NEW SEED-COUNT PACKAGING
The new cotton seed-count packaging introduced by Delta and Pine Land Company (D&PL) this year has simplified seed-ordering calculations and put more efficiencies into inventory and input-cost management. D&PL sold Upland cotton varieties for the first time this year in bags that contained a minimum of 250,000 seeds and Boll Boxes (tm) that contained a minimum of 8 million seeds. Many of the producers have gotten away from planting pounds of seed per acre and have begun to plant seeds per row-foot with new precision-type planters, fitting the seed-count packaging right into that practice. The new D&PL seed-count packaging has eliminated questions raised by producers about bags of the same variety containing different number of seeds, resulting in differences in cost of seed per acre.

SEED BUSINESS
At the ISF Congress in Berlin, Germany, it was seen a lot of business going on, as usual, involving many seed companies located through the world, mainly forage and horticultural seeds companies. This event has the tradition of allowing this kind of activities. Time is money. So to meet all possible partners in one place, it is really useful.
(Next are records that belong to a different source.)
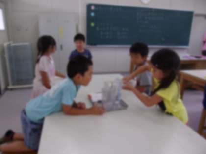 先生の説明を聞いて、ノートを書いて、作業に入りました。ケンカをしないように、順番を守って、ペットボトルの中の水のかさを比べました。真剣な顔が良かったです。
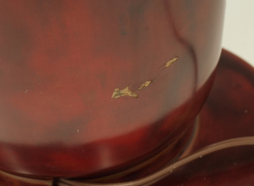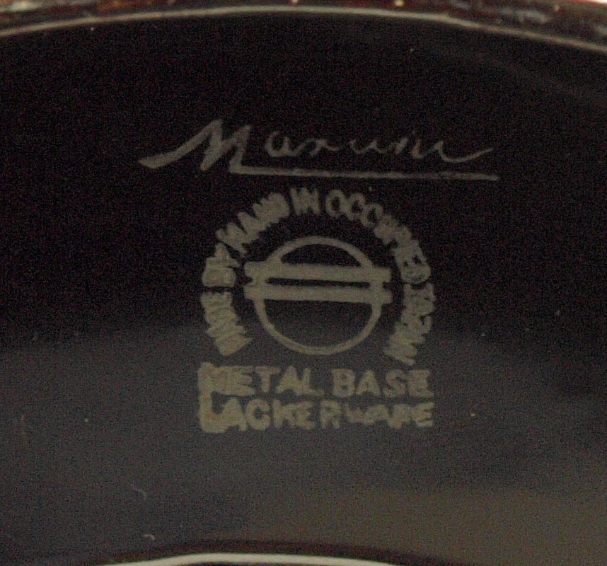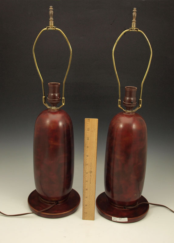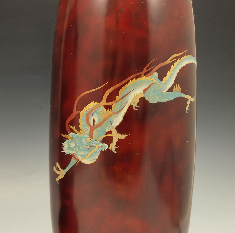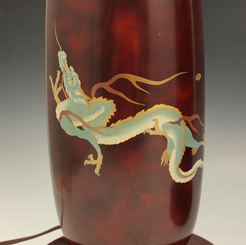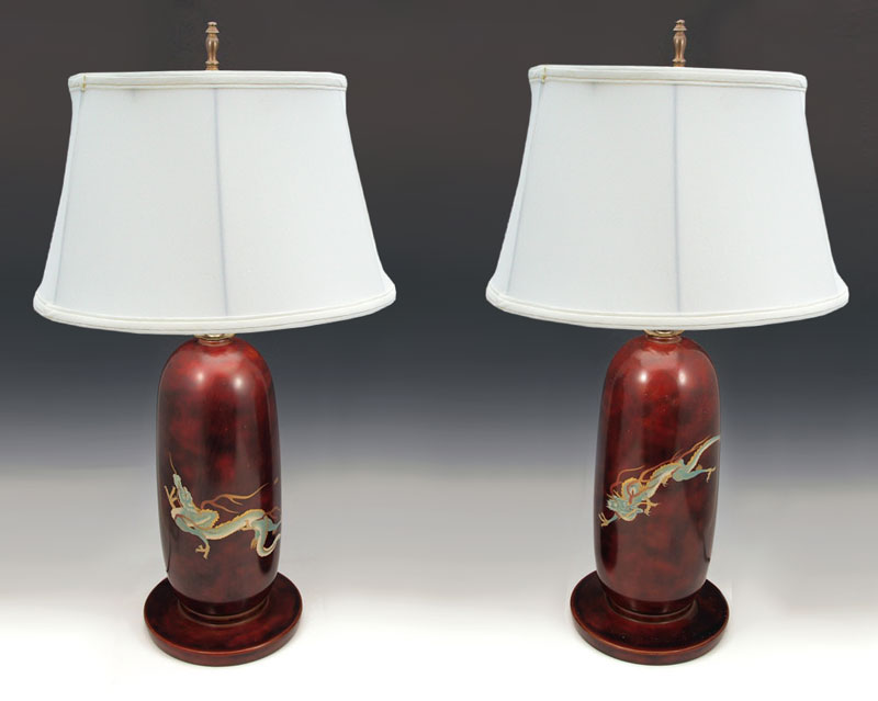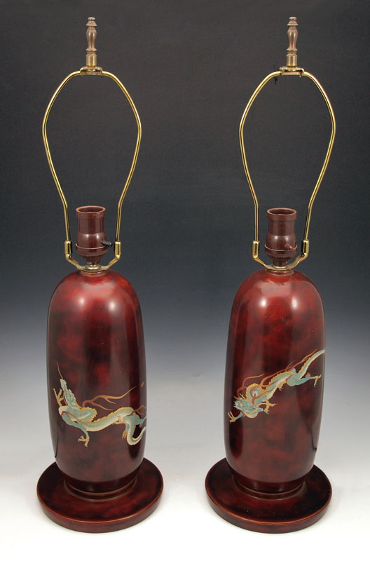 PAIR MARUNI OCCUPIED JAPAN LACQUER WARE LAMPS: Hand painted dragon design, 23'' tall overall.
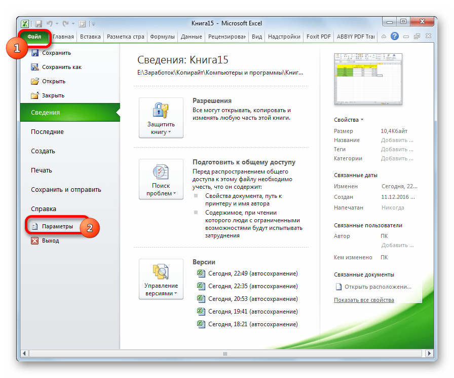 - Открываем вкладку «Файл». Далее перемещаемся в подраздел «Параметры».
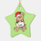 This cute personalised kids' Holiday ornament features a cuddly teddy bear dressed in Christmas red and white. The bear holds a white muffler decorated with holly, and personalised with your child's own name. The image is placed on a light green background. The back of the ornament is matching green, with enough room for your customisation. Easy to change it to say anything you'd like!
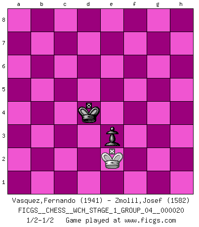 Last move : 1/2-1/2 2019 April 27 19:57:42 [Event "FICGS__CHESS__WCH_STAGE_1_GROUP_04__000020"] [Site "FICGS"] [Date "2018.11.01"] [Round "1"] [White "Vasquez,Fernando"] [Black "Zmolil,Josef"] [Result "1/2-1/2"] [WhiteElo "1941"] [BlackElo "1582"] 1.e4 c5 2.c3 Nf6 3.e5 Nd5 4.Nf3 Nc6 5.Bc4 Nb6 6.Bb3 c4 7.Bc2 d6 8.exd6 Qxd6 9.O-O Bg4 10.h3 Bh5 11.Re1 O-O-O 12.Be4 Qd7 13.Qc2 Bxf3 14.Bxf3 h5 15.b3 g5 16.Be4 g4 17.Na3 gxh3 18.Nxc4 Rg8 19.Nxb6+ axb6 20.d4 e6 21.d5 Ne5 22.g3 Bc5 23.Bf4 Ng4 24.Rf1 h4 25.b4 Bd6 26.dxe6 fxe6 27.Rad1 Qc7 28.Rxd6 Rxd6 29.Bxd6 Qxd6 30.Bxb7+ Kb8 31.Qh7 Rf8 32.Be4 h2+ 33.Kh1 Nxf2+ 34.Rxf2 Qd1+ 35.Kxh2 Rxf2+ 36.Kh3 Qf1+ 37.Kg4 Rf7 38.Qh8+ Kc7 39.Qe5+ Kd7 40.Kxh4 Qf6+ 41.Qxf6 Rxf6 42.a4 Rf1 43.Bd3 Rc1 44.Bb5+ Kd6 45.a5 bxa5 46.bxa5 Rxc3 47.a6 Rb3 48.Be2 Ke5 49.g4 Kf4 50.g5 Rg3 51.a7 Ra3 52.Bc4 Rxa7 53.Kh5 e5 54.g6 Kf5 55.Bd3+ Kf6 56.Kg4 Ra3 57.Bc2 Rc3 58.Be4 Rc1 59.Kf3 Rh1 60.Kg2 Rh4 61.Kf3 Rf4+ 62.Ke3 Rg4 63.Kf3 Rg1 64.Bd3 Rxg6 65.Bxg6 Kxg6 66.Ke4 Kf6 67.Ke3 Kf5 68.Kf3 e4+ 69.Ke3 Ke5 70.Ke2 Kd4 71.Kd2 e3+ 72.Ke2 1/2-1/2 Sicilian : Alapin's variation (2.c3) Kingside Castling by player White (move 9) Queenside Castling by player Black (move 11) 10 pieces endgame at move 41 : White KBPPPP , Black KRPP WHITE : King + 1 Bishop 4 Pawns BLACK : King + 1 Rook 2 Pawns 9 pieces endgame at move 45 : White KBPPP , Black KRPP WHITE : King + 1 Bishop 3 Pawns BLACK : King + 1 Rook 2 Pawns 8 pieces endgame at move 46 : White KBPPP , Black KRP WHITE : King + 1 Bishop 3 Pawns BLACK : King + 1 Rook 1 Pawn 7 pieces endgame at move 46 : White KBPP , Black KRP WHITE : King + 1 Bishop 2 Pawns BLACK : King + 1 Rook 1 Pawn 6 pieces endgame at move 52 : White KBP , Black KRP WHITE : King + 1 Bishop 1 Pawn BLACK : King + 1 Rook 1 Pawn 5 pieces endgame at move 64 : White KB , Black KRP WHITE : King + 1 Bishop BLACK : King + 1 Rook 1 Pawn 4 pieces endgame at move 65 : White KB , Black KP WHITE : King + 1 Bishop BLACK : King + 1 Pawn 3 pieces endgame at move 65 : White K , Black KP WHITE : King + BLACK : King + 1 Pawn This chess game ended in a draw. Follow this game move after move (download)I have never in my life played the French Defence, which is the dullest of all openings. (Wilhelm Steinitz) Gott hat gewollt, dass ich Champion werde. (Surab Azmajparaschvili) Aquellos que dicen entender al Ajedrez, no entienden nada. (Robert Hubner) A chaque perte on perd un peu de soi. (Joël Lautier) A computer lets you make more mistakes faster than any invention in human history - with the possible exceptions of handguns and tequila. (Mitch Ratcliffe)

A CHRONOLOGY OF CORN'S MIGRATION
A chronology of corn's migration from Mexico's Aztec civilization to the Silk Road to China is now available on the Web at http://www.nal.usda.gov/research/maize/ introduction.shtml. The website details a timeline for corn's worldly travels, starting with the crop's only known center of domestication in "Mesoamerica," a region comprising south-central Mexico and adjacent areas of Central America.
The authors cite some interesting sources, including Christopher Columbus, the first known European to encounter corn, Zea mays.